A tak poza tym, to byliśmy wczoraj na badaniu sluchu - wszystko w normie
Zoja nam zżółkła i jutro jedziemy na ponowne pobieranie krwi, ale ja widzę ze juz jest lepiej, bo budzi się sama i nie zasypia tak szybko podczas jedzenia. Swoja droga cebuszka jest extra do karmienia.
No i kupki mamy rzadkie, ale to podobno normalne jak się karmi piersia.
Tak się martwie o bidulinke moja kochana, ale musi być dobrze wszystko.
Co do porodu to ja chcialam urodzić do dziś wlasnie, bo moja mama przyjeżdża w środę, ale bylam święcie przekonana, ze się nie uda i nie ma takich szans, ze wręcz urodze jak będzie wyjeżdżać, a jednak się udalo.
Zojka grzeczna dziewczynka
Wiadomość wyedytowana przez autora: 1 lutego 2015, 12:53
derii84, kasia_1988, dorocia2324, mala_mi1982, Gosiak, Lara 82, Boroniówka, Aagnieszkaa, Bietka, agaaa28, Sue, Angélique89, AsiaSzw, Januszkowa, Laurka, megg, asia888, Fedra lubią tę wiadomość
-
LadyDi dlatego wkurza mnie to w Skandynawii, że jesteś 2-3 doby w szpitalu i do domu, tzn z jednej strony super, ale z drugiej ta zoltaczka cholerna. Mój pierworod miał dopiero w 5 dobie zoltaczke, mam nadzieje, ze berbec się nie zalapie
-
Będe dzwonić na pewno , zresztą zapytam mojej lekarki,ale jak robiłam w kato prenatalne na nfz to zamiast karty prosili dowód i nie było problemu,więc chciałam się upewnić czy moze coś wiecieLara 82 wrote:Hej ja z cz-wy i tez do K-c rodzis jade, ale to slaskie jest. Takze karte NFZ mamy w woj. slaskim od dawna i ta karta sie rejestrujemy wszedzie, wkladaja to w czytnik i wszystko o nas wiadomo. Mysle ze nie masz jak taka karte wyrobic bo nie mieszkasz w slaskim, wiec na pewno musisz miec jakies dokumenty swiadczace o ubezpieczwniu.

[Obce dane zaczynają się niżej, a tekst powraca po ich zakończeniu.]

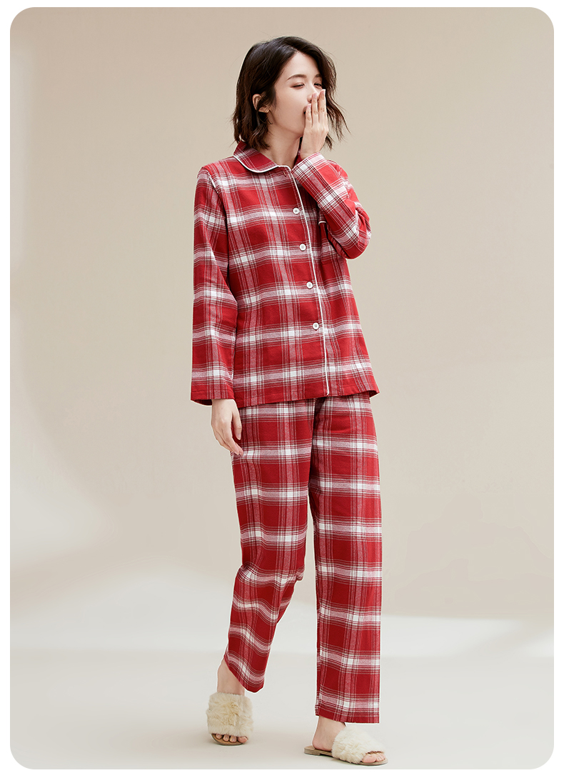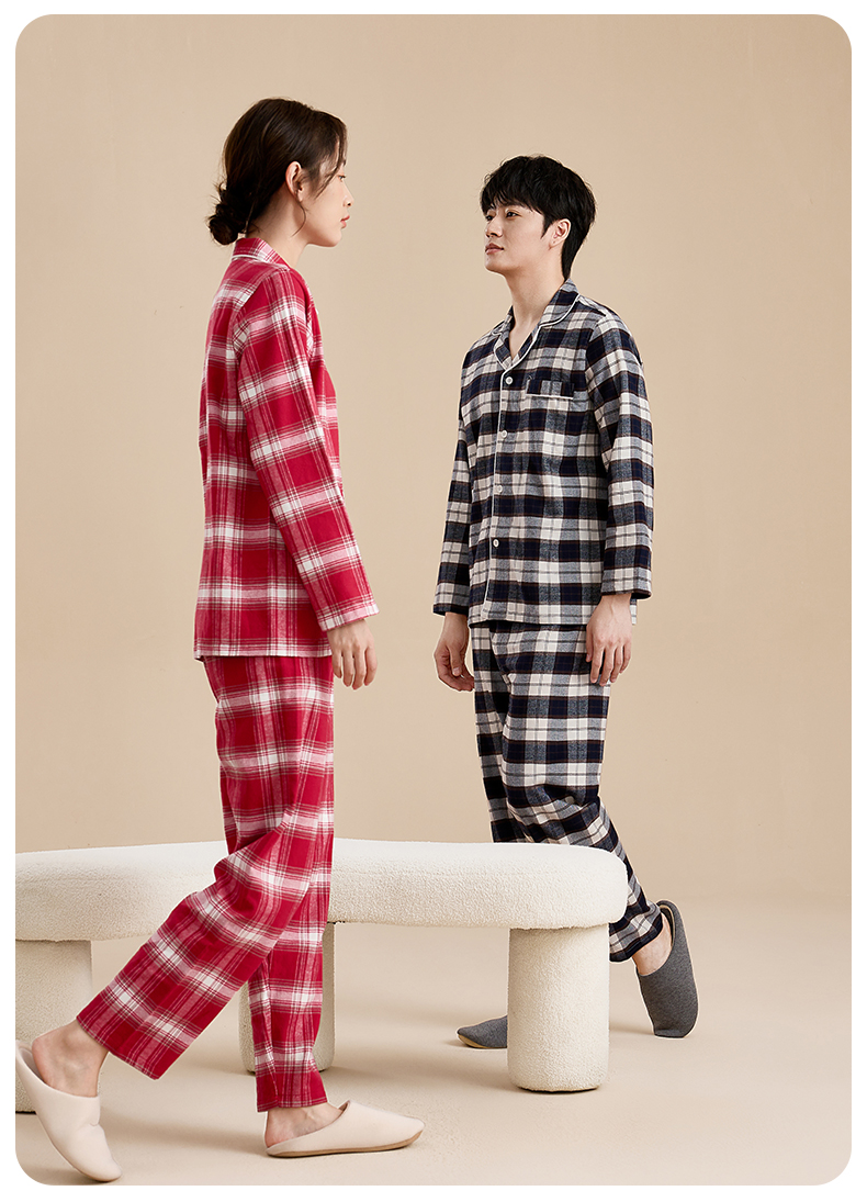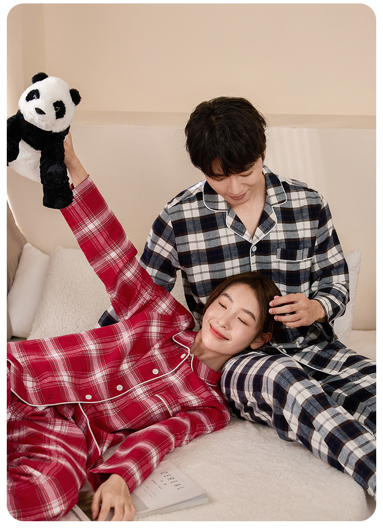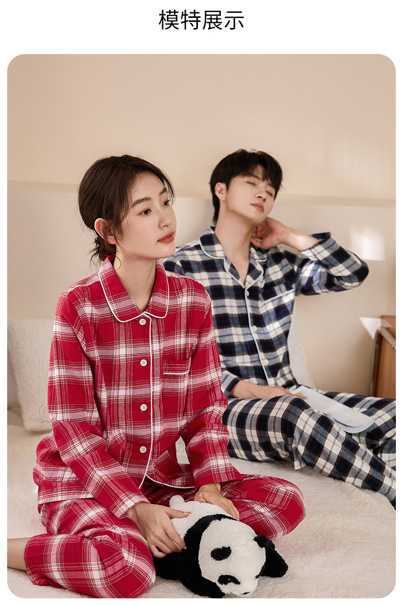康妮雅男士睡衣秋冬款长袖长裤开襟套装

Tak naprawde uwazam, ze powinnas zadzwonic do szpitala gdzie chcesz rodzic na ginekologiczna IP i wszystkiego sie dowiedziecmabys miala 100% pewnosci ze Cie przyjma i nie odesla. Ja bym tak zrobila.
Byłąm tam już oglądac oddział,ale oczywiscie zapomniałam o to zapytać -
derii84 wrote:LadyDi dlatego wkurza mnie to w Skandynawii, że jesteś 2-3 doby w szpitalu i do domu, tzn z jednej strony super, ale z drugiej ta zoltaczka cholerna. Mój pierworod miał dopiero w 5 dobie zoltaczke, mam nadzieje, ze berbec się nie zalapie
No wlasnie martwie się trochę, ale jest postęp u malej, wiec powinno być ok. Bardziej martwi mnie ta kupa, dziś juz drugi raz jak woda.. jak jeszcze jej się przydarzy to będę dzwonić do lekarza chyba. -
hej

Sorki ze zupełnie z dupy temat ale przeziebienie mnie zabije- ratujcie!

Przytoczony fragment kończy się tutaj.